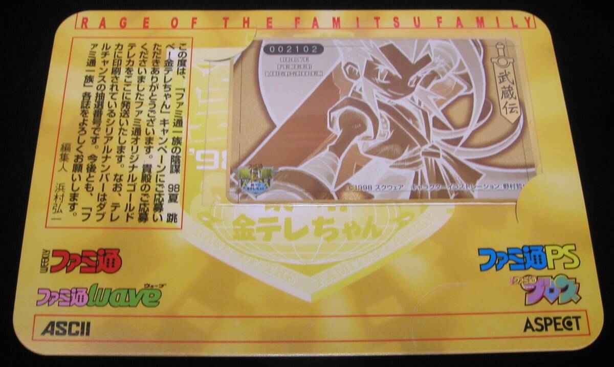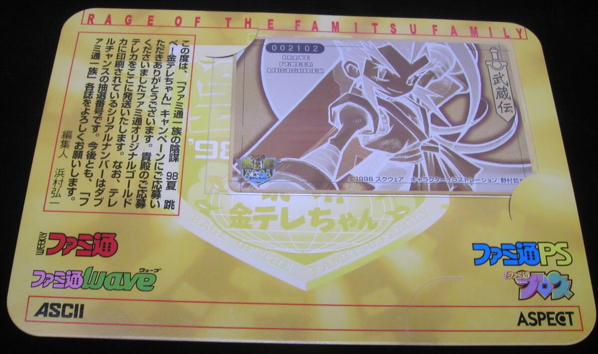 テレカ 台紙付き ブレイヴフェンサー 武蔵伝 ファミ通一族の陰謀 98夏 Brave Fencer Musashi スクウェア SQUARE 野村哲也 テレホンカード 收藏
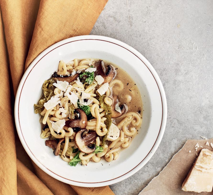 Valmis kasvisliemi, kuivatut yrtit, hyvä pasta ja juusto sekä muutama tuore kasvis riittävät muodostamaan tämän hiukan minestronea muistuttavan ruoan. Ohjeessa on käytetty sieniä ja kaalia, jotka ovat upea makupari, mutta ruoka onnistuu myös esimerkiksi kesäkurpitsasta ja pavuista.
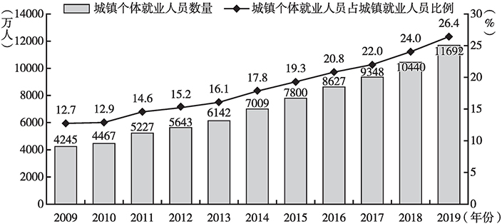 图15 2009~2019年城镇个体就业人员数量和占城镇就业人员比例
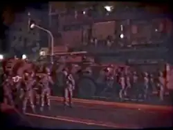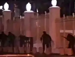 The final attempt in the coup attempt occurred 30 minutes later at Miraflores Palace where insurgents attempted to siege the palace and kill President Pérez.[15] Those attempting to attack Miraflores were told that the doors would be opened by the palace guards that were supposedly part of the coup.[15] However, when the attackers approached Miraflores in an armored vehicle, they were attacked by the palace guards who knew about the coup.[15] The firefight then ended Chávez's attack and left 3 of Pérez's bodyguards dead while Pérez hid under an overcoat eluding capture.[5][18] The president was then able to escape from the palace and then called General Ochoa saying, "No negotiations. Give them bullets. I want to be back in soon".[5][18] Pérez then used a local TV station to rally the rest of the military against his aggressors.[5] Chávez's allies were also unable to broadcast Chávez's pre-recorded call for a planned mass civilian uprising against Pérez.
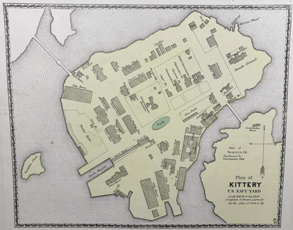 It is said that the Indians used to go to the shoals. The Indians used to come up by the Portsmouth bridge, a hundred at a time, and steal everything. The America was built at Badger’s Island in 1690. The Falkland, 54 guns, was built here by order of the British government, and this place was selected as a naval depot prior to the Revolution. At this yard was the Ranger was built, commanded by John Paul Jones. The frigates Congress, Crescent, and Portsmouth of 24 guns were built here prior to 1799. The Washington, 74 guns, in 1814. Schooner Porpoise in 1820. Sloop Concord, 24 guns, in 1828. Sloop Preble, 16 guns, in 1839.
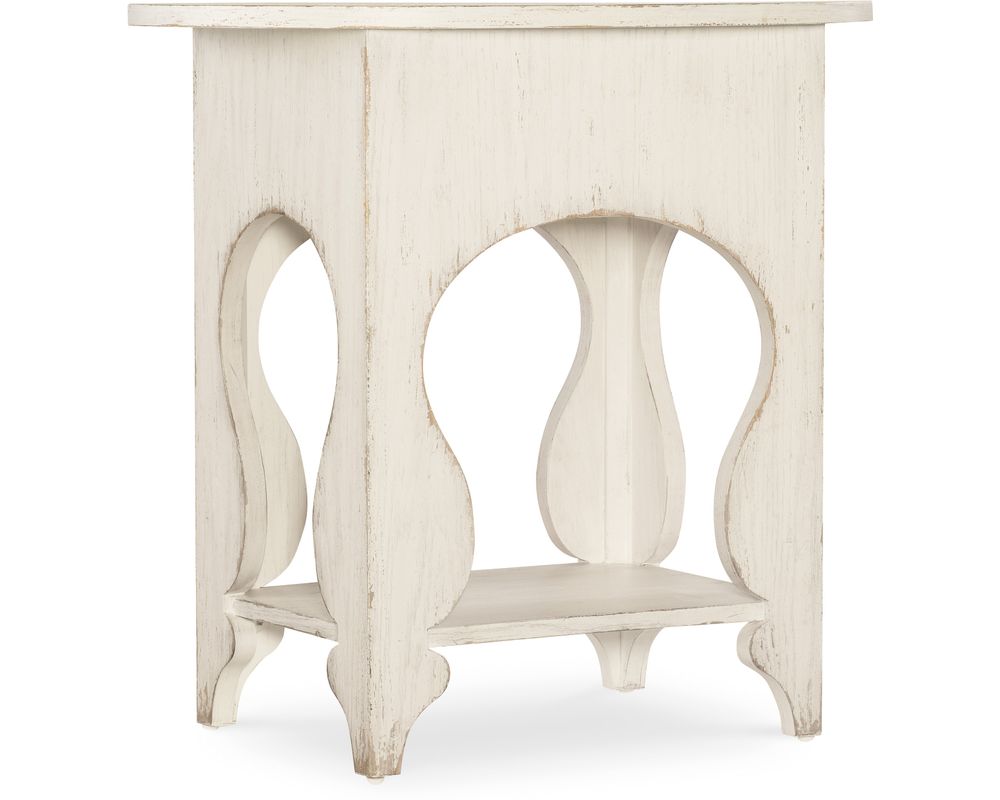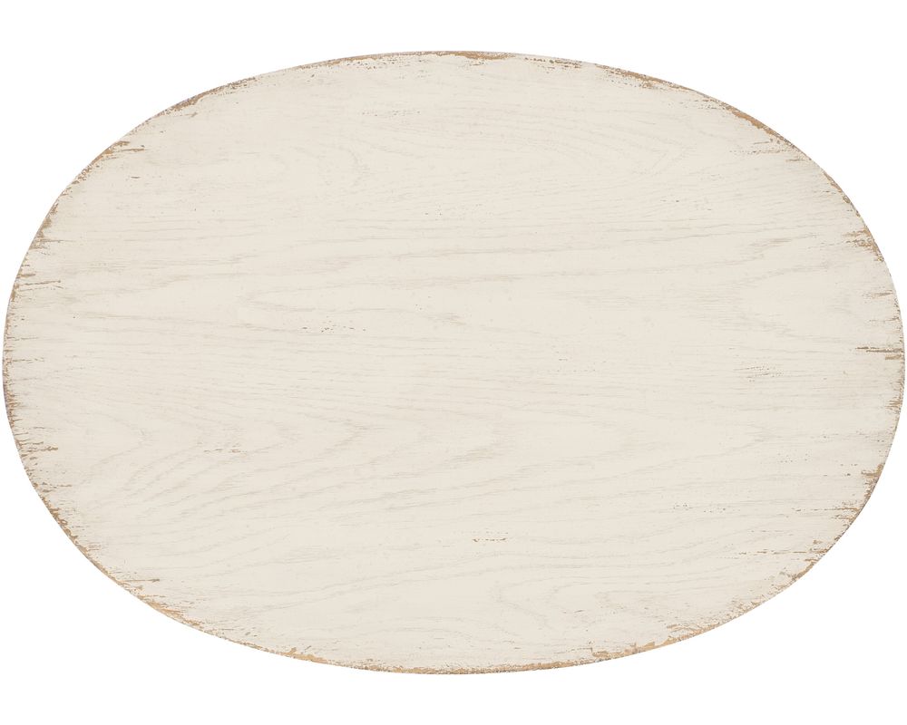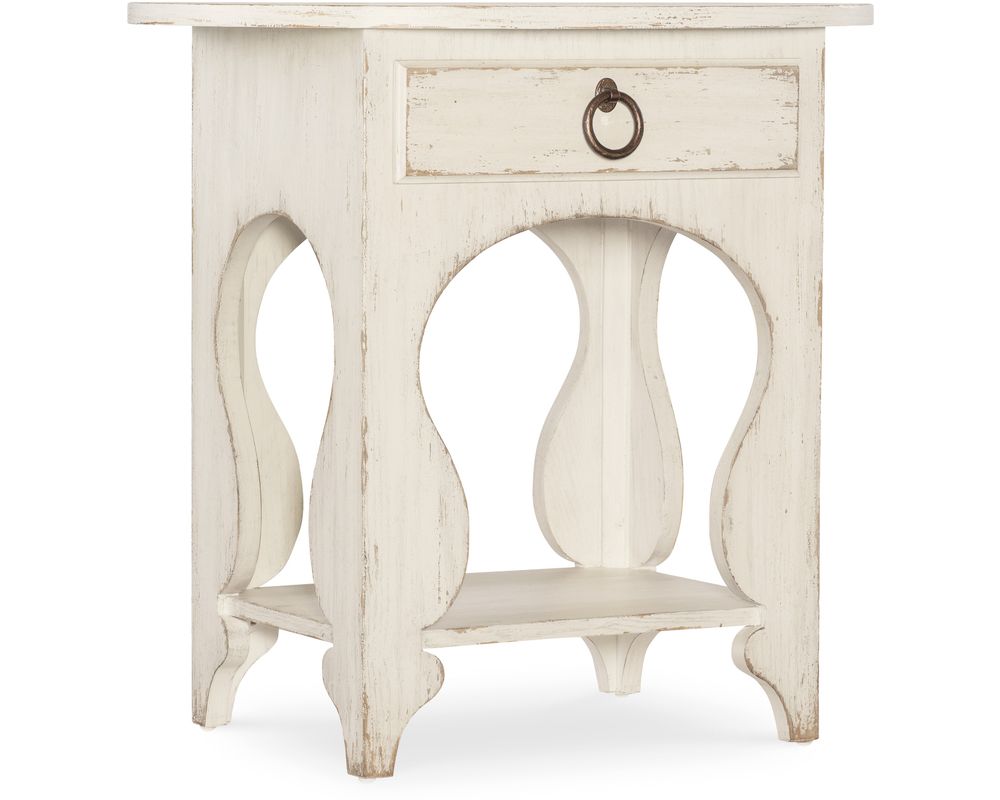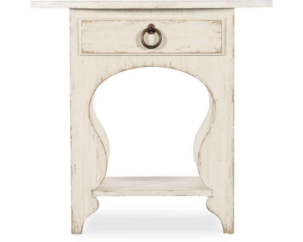From Sofas and Sectionals.com: Introducing the Americana One-Drawer Oval Nightstand, a charming addition to any bedroom. This nightstand features a unique oval shape and shapely carved legs, giving it a distinct and elegant appearance. The time-worn white finish on the cathedral oak veneers adds a vintage charm, making it a perfect fit for various decor styles.

_ _ _

### The problem
Every line from the top of the material above through the line with "图15 2009~2019年城镇个体就业人员数量和占城镇就业人员比例" should be duplicated exactly, please; leave out the pictures.

### Result
 テレカ 台紙付き ブレイヴフェンサー 武蔵伝 ファミ通一族の陰謀 98夏 Brave Fencer Musashi スクウェア SQUARE 野村哲也 テレホンカード 收藏
 Valmis kasvisliemi, kuivatut yrtit, hyvä pasta ja juusto sekä muutama tuore kasvis riittävät muodostamaan tämän hiukan minestronea muistuttavan ruoan. Ohjeessa on käytetty sieniä ja kaalia, jotka ovat upea makupari, mutta ruoka onnistuu myös esimerkiksi kesäkurpitsasta ja pavuista.
 图15 2009~2019年城镇个体就业人员数量和占城镇就业人员比例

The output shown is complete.